Director – John Hsu – 2019 – Taiwan – 12A – 103m

****

Two Taiwanese students find themselves trapped in their school overnight under that country’s White Terror regime in 1962 – on Shudder (US, Canada) from Monday, February 21st

This is a real oddity: an adaptation of a video game set in a specific historic period of political turmoil. That period is Taiwan’s White Terror (1949-87) under which, among other things, numerous books were banned by the ruling Kuomintang party on the grounds of promoting left-wing or Communist ideas. Merely reading some of these books could provide grounds for execution.
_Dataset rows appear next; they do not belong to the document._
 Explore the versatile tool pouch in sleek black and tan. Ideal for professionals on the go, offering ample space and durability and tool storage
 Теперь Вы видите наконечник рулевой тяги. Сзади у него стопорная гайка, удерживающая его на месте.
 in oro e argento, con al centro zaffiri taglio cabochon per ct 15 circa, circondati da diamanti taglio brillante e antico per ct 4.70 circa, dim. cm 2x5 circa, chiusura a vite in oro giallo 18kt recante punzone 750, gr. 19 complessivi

Like the video game, the film is set in the Greenwood High School. It’s 1962 and boy and girl students Fang Ray-shin (Gingle Wang) and Wei Chong-ting (Tseng Jing-Hua) find themselves trapped overnight in the school building after flood waters destroy the access road to the school. What follows isn’t particularly linear in terms of its narrative as school corridors, walkways, rooms and halls are visited by various supernatural beings and become scenes of terror, torture and execution.

The elliptical and sometimes repetitive nature of the storytelling and its component images mean that the film isn’t always that easy to follow, at least not to Western audiences familiar with mainstream Hollywood narrative. Look beyond the superficial confusion, however, and there’s a lot going on here. Much of the plot relates to an underground book club run by teacher Chang Ming-Hui (Fu Meng-Po), coincidentally tasked with giving Fang counselling, during which she falls for him.
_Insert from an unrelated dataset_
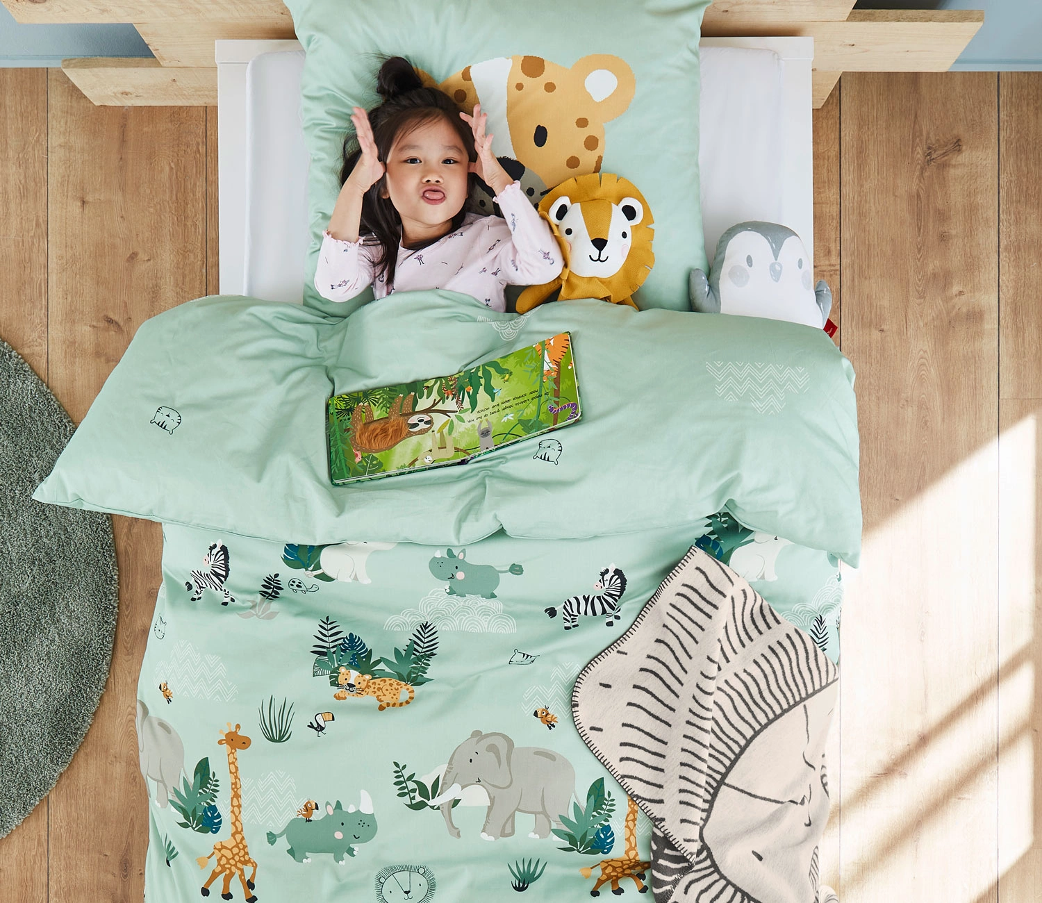 • Pościel dziecięca z satyny bawełnianej marki s.Oliver. Wzór ze zwierzątkami sawanny na jasnozielonym tle wprowadzi do pokoju dziecka odrobinę egzotyki i przygody. Wykonana ze 100% bawełny - miękka, gładka i przewiewna. Zapinana na zamek błyskawiczny.

Unaware that fellow teacher Miss Yin Tsui-han (Cecilia Choi) runs the book club with Chang, the lovestruck Fang mistakes his association with Miss Yin for romantic attachment. Fang attempts to get rid of the woman she sees as her rival in love by handing a banned book to the authorities, but her plan goes disastrously wrong when Chang too is caught up in the official reprisals.

Heavily laden with special effects, the film is awash with grotesque and highly emotive imagery of hangings, torture and more. A packed audience with their heads covered by hoods watch officially sanctioned hangings in the main hall. Strange, ghostly or monstrous figures appear in corridors – a silently walking schoolgirl the surface of whose featureless face seems to constantly drip from the front of her hairline to the bottom of her chin, a towering official or teacher whose half melted face has been replaced by a reflective metallic surface. If the story isn’t particularly clear, the general gist certainly is: a picture of life under a terrifying, repressive regime where the exact reasons for punishing individuals often prove to be opaque.

Detention is on Shudder (US, Canada) from Monday, February 21st.

Trailer:

Festivals:

2020

London East Asia Film Festival (LEAFF) (December)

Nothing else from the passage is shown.